Hammer attack, thwarted speech stir more chaos
HONG KONG — Assailants with hammers attacked a protest organizer and lawmakers shouting abuse forced Hong Kong leader Carrie Lam to abandon a speech in the legislature in two dramas Wednesday that highlighted the chaos gripping the semiautonomous Chinese territory after more than four months of antigovernment unrest.
The attack on Jimmy Sham, one of the public faces of the protest movement, was reported by his Civil Human Rights Front, which has organized large demonstrations. Sham was on his way to an evening meeting in Kowloon when the four or five attackers pounced, leaving him with bloody head injuries but conscious, the Front said on its Facebook page.
It suggested the assault was politically motivated, linked “to a spreading political terror in order to threaten and inhibit the legitimate exercise of natural and legal rights.”
Earlier in the day, prodemocracy lawmakers yelling that she is “the mother of the mafia police” forced Lam to stop delivering her annual policy address, causing her to walk out of the Legislative Council.
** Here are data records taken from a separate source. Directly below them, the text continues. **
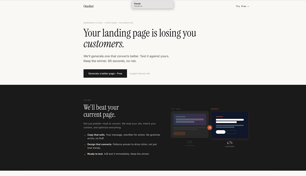 Another experiment, OneShot, was interesting. Most people struggled to see a production use-case, which made me appreciate more the initial traction we got for FreshRank.
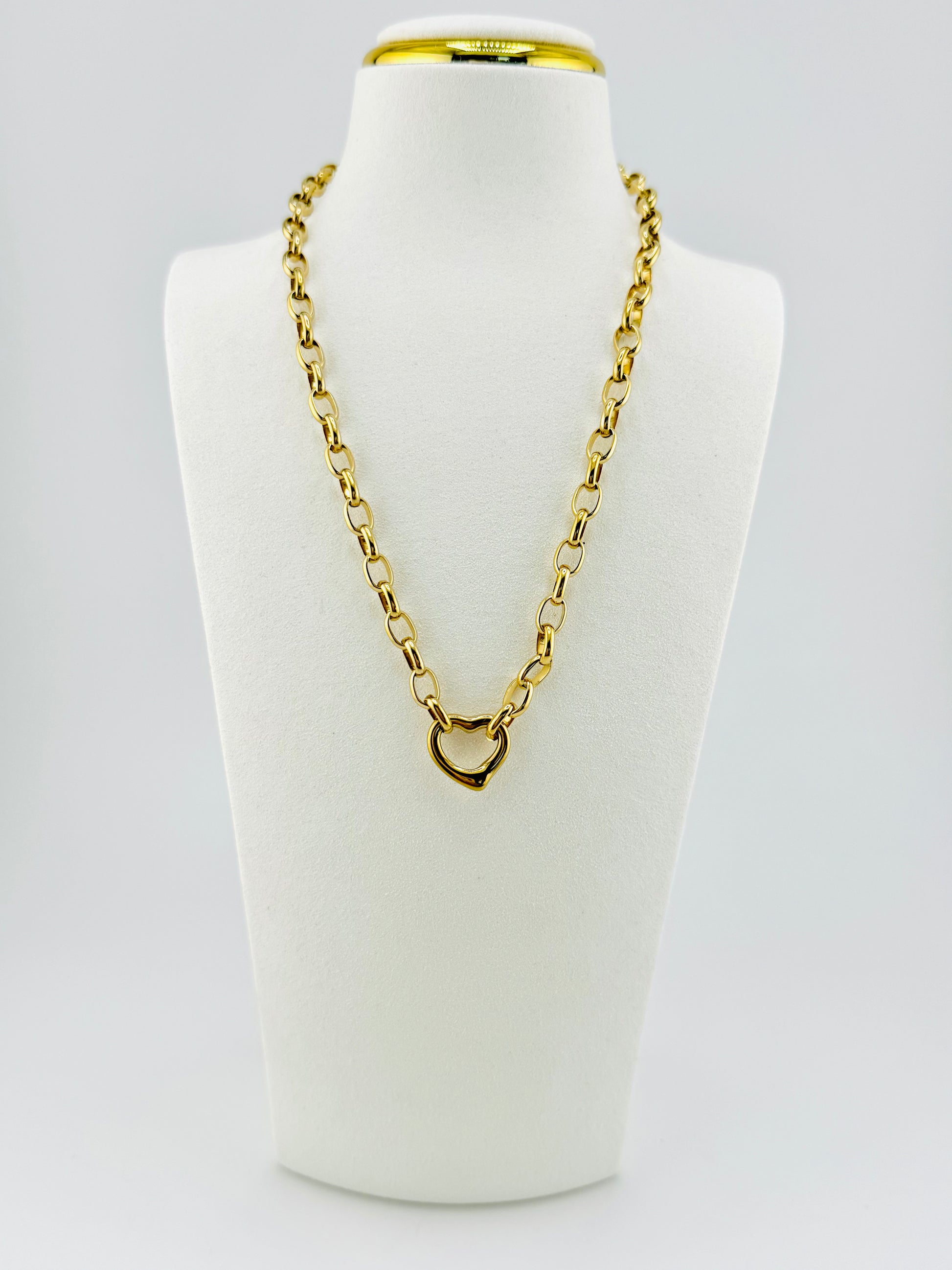 This heart-shaped 18k gold link necklace beautifully symbolizes love and faith. Crafted with care, its elegant design serves as a reminder of God's everlasting love and grace. Perfect for daily wear or special occasions, it offers a meaningful touch to your wardrobe, inspiring hope and devotion wherever you go.
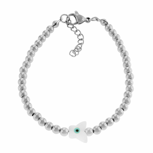 STAINLESS STEEL BRACELET WITH 4MM STEEL BALL AND BUTTERFLY SHAPE SHELL IN THE CENTRE
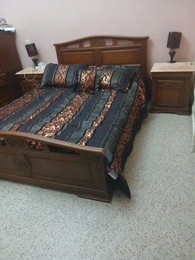 hêtre غرفة نوم بحشب حالة جيدة السرير + الخزانة 4 أبواب .... 2x Table de nuit et coiffeuse

The hostile reception marked another slap in the face for the embattled chief executive grappling with the demonstrations and accompanying violence that have undermined her leadership, wrecked trust in the police and opened festering bitterness between opponents and supporters of the protest movement.
As she started to speak, chanting lawmakers held aloft placards suggesting Lam has blood on her hands. They also used a projector to light up Lam’s face and the wall behind her with the protest movement’s key demands. One lawmaker wearing a paper mask with the face of Chinese President Xi Jinping tossed a placard as Lam walked out.
After two thwarted attempts, unable to continue through the ruckus, Lam fell back on Plan B: delivering the speech 75 minutes late by video link, standing ramrodstraight with China’s yellowstarred red flag to her right and Hong Kong’s flag on her left.
Describing the territory as going through “major crisis,” Lam said, “People are asking: Will Hong Kong return to normal?”
She appealed for its 7.5 million citizens to “cherish the city,” warning that “continued violence and spread of hatred will erode the core values of Hong Kong.”
“Hong Kong is still a very free society,” she said.